Given:
$$ f(x) = \frac{1}{1+a^2x^2} \text{with } a=4 \text{ in the interval }[-1,1]$$
Approximate the function $f(x)$ in the least squares sense using legendre polynomials up to order 2.
The approximation is:
$$ \tilde f(x) = \sum_{k=1}^2c_kP_k(x)\tag1$$
And the coefficients are:
$$c_k=\frac{1}{\|P_k(x)\|^2} \int_{-1}^{1}f(x)P_k(x)dx\tag2$$
where:
$$\|P_k(x)\|^2 = \frac{2}{2k+1}\tag3$$
I am ok up to this point. Next, my notes say that from the above expressions we can see that the calculation involves the integrals:
$$ I_m = \int_{-1}^{1}\frac{x^m}{1+a^2x^2}dx \tag4$$
and that they satisfy the recurrence relation:
$$ I_m = \frac{2}{(m-1)a^2}-\frac{1}{a^2}I_{m-2} \text{ with }I_o=\frac{2}{a}\tan^{-1}(a)\tag5$$ and that:
$$\forall{m\equiv 1 \pmod{2}}: I_m=0 \tag6 $$
Could someone explain 4, 5, and 6 to me please?

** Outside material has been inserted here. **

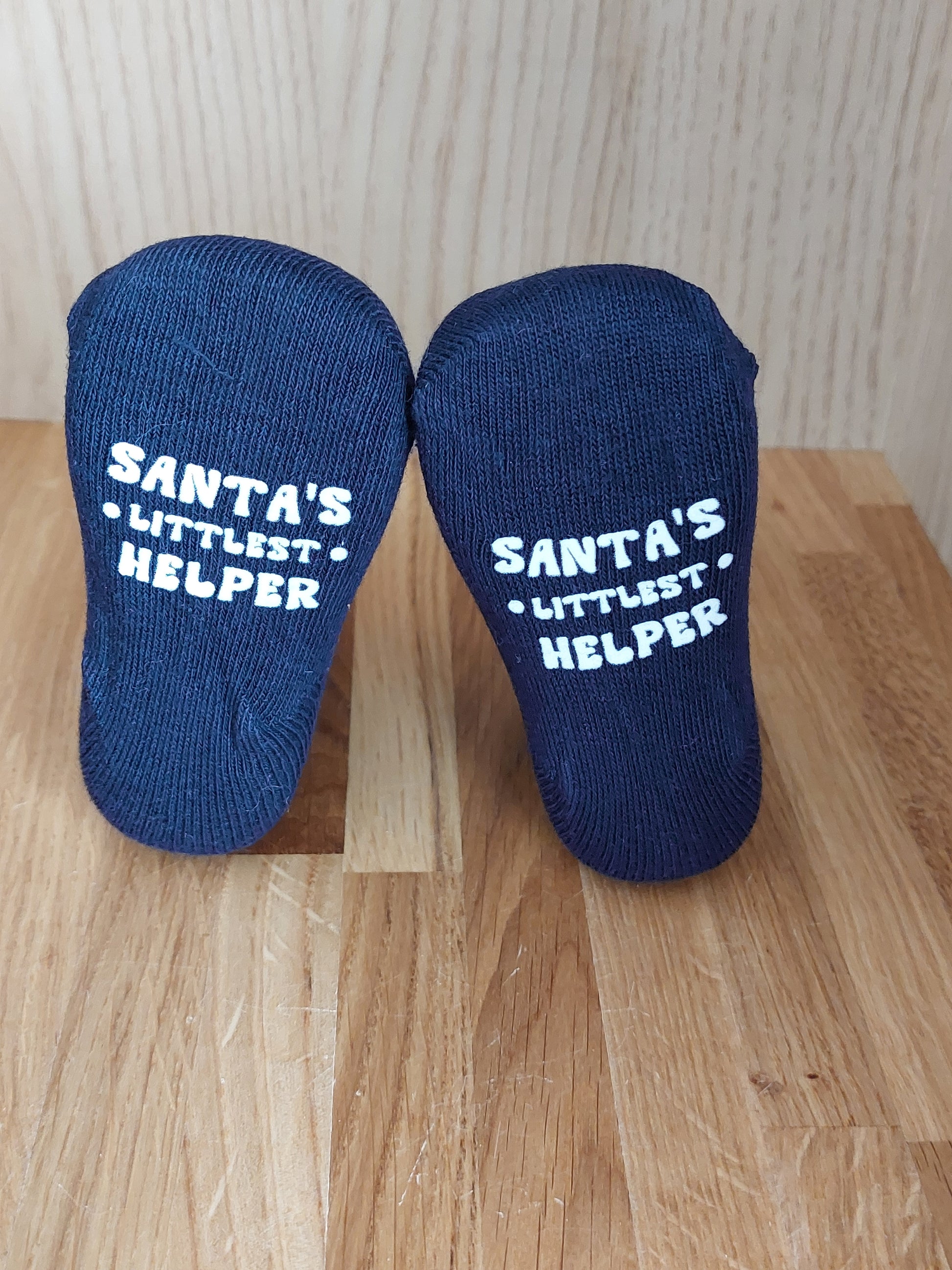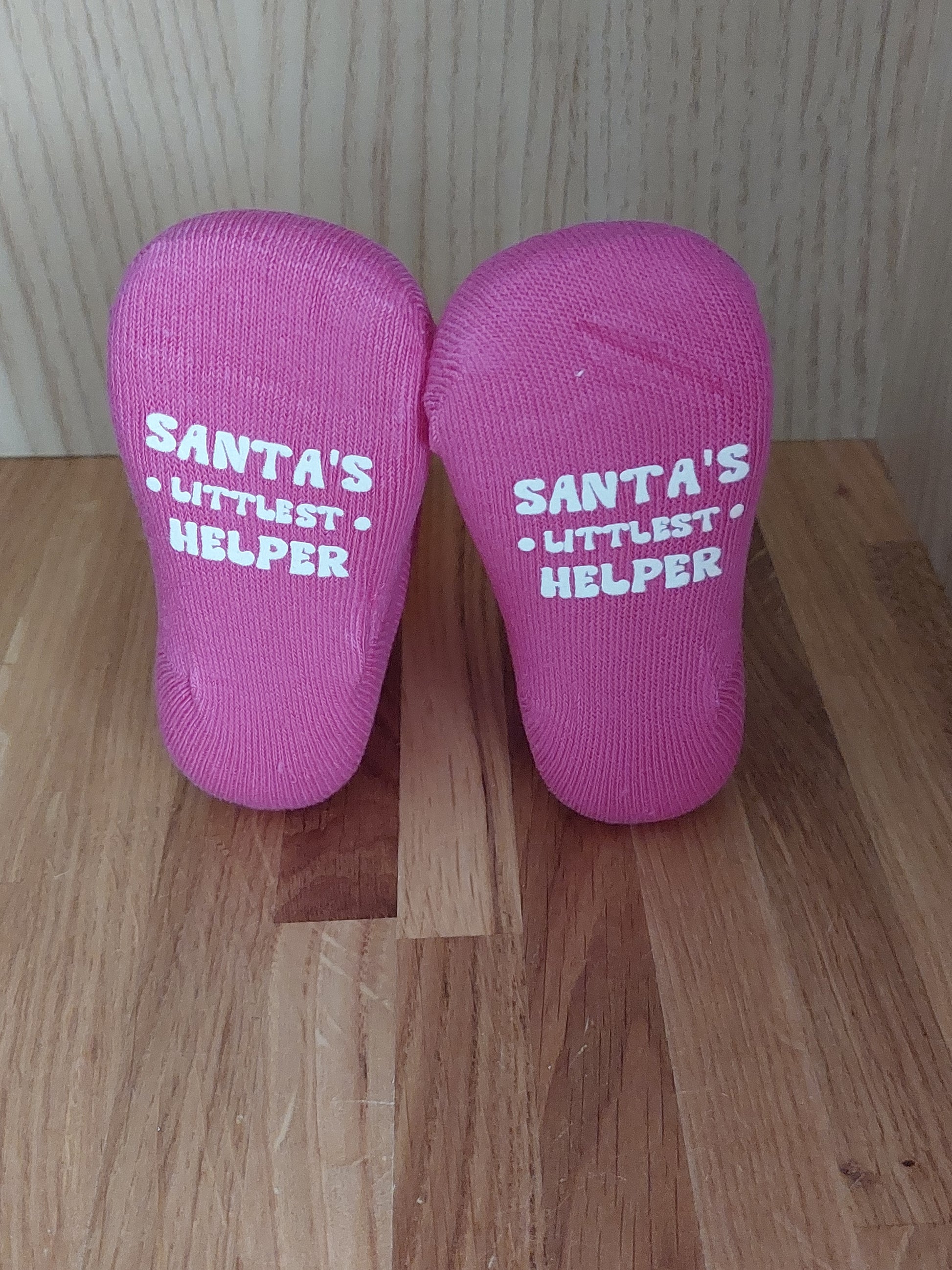 These baby socks are even more adorable because they are for Santa's "littlest" helper! The message, which is on the bottom of the socks, is made from soft flocked heat transfer vinyl.
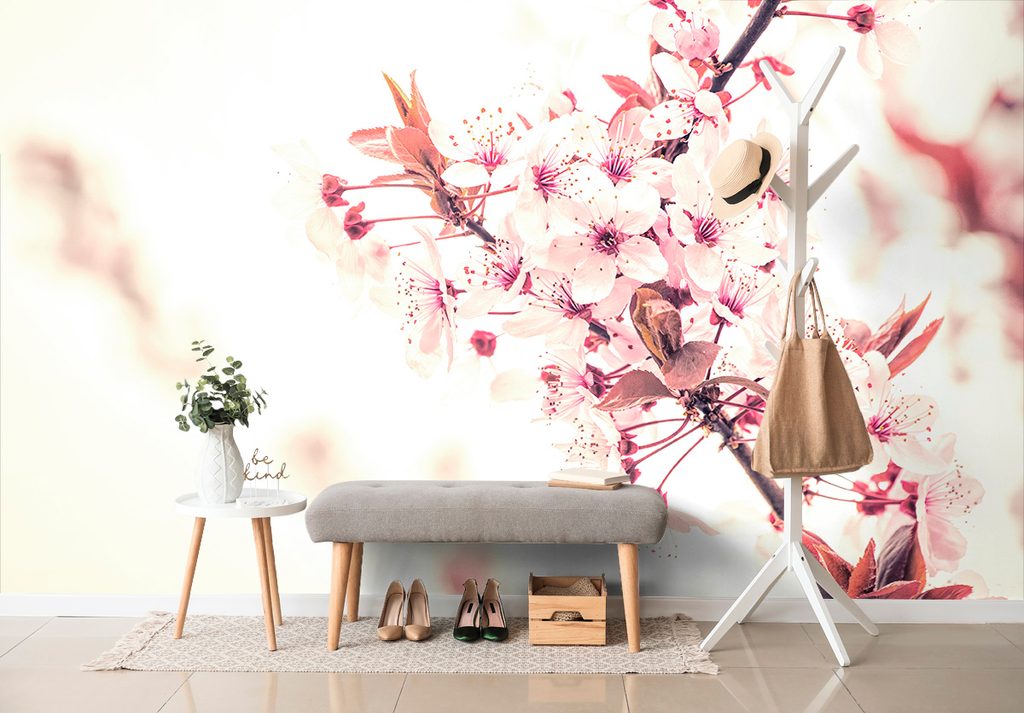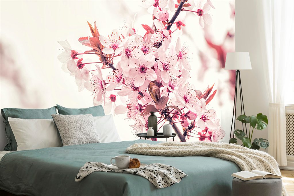 Samolepiaca fototapeta vetvička ružovkastých kvetov čerešne

$P_k$ is a polynomial (of degree $k$) so obviously, $\int_{-1}^1 f(x)P_k(x)dx$ is a sum of terms $I_m$ times some number. This covers (4). As $P_0 = 1$, $$I_0 = \int_{-1}^1 \frac{1}{1+a^2x^2}dx = \left[ \frac{arctan(ax)}{a}\right]_{-1}^{+1} = \frac{2}{a}arctan(a)$$ The recurrence relation can be derived as follows: \begin{equation} \begin{split} I_m &= \int_{-1}^1 \frac{x^m}{1+a^2x^2}dx \\ &= \int_{-1}^1 x^{m-2}\frac{x^2}{1+a^2x^2}dx \\ &= \int_{-1}^1 \frac{x^{m-2}}{a^2}\left(1-\frac{1}{1+a^2x^2}\right)dx \\ &= \left[\frac{x^{m-1}}{(m-1)a^2}\right]_{-1}^{+1} - \frac{1}{a^2}\int_{-1}^1 \frac{x^{m-2}}{1+a^2x^2}dx \\ &= \frac{1 - (-1)^{m-1}}{(m-1)a^2} - \frac{1}{a^2}I_{m-2} \end{split} \end{equation} For even $m$, this results in $$I_m = \frac{2}{(m-1)a^2} - \frac{1}{a^2}I_{m-2}$$ while for odd m this gives $$I_m = - \frac{1}{a^2}I_{m-2}$$ This covers (5) and also (6), as $$I_1 = \int_{-1}^1 \frac{x}{1+a^2x^2}dx = \left[ \frac{ln(1+a^2x^2)}{2a^2}\right]_{-1}^{+1} = 0$$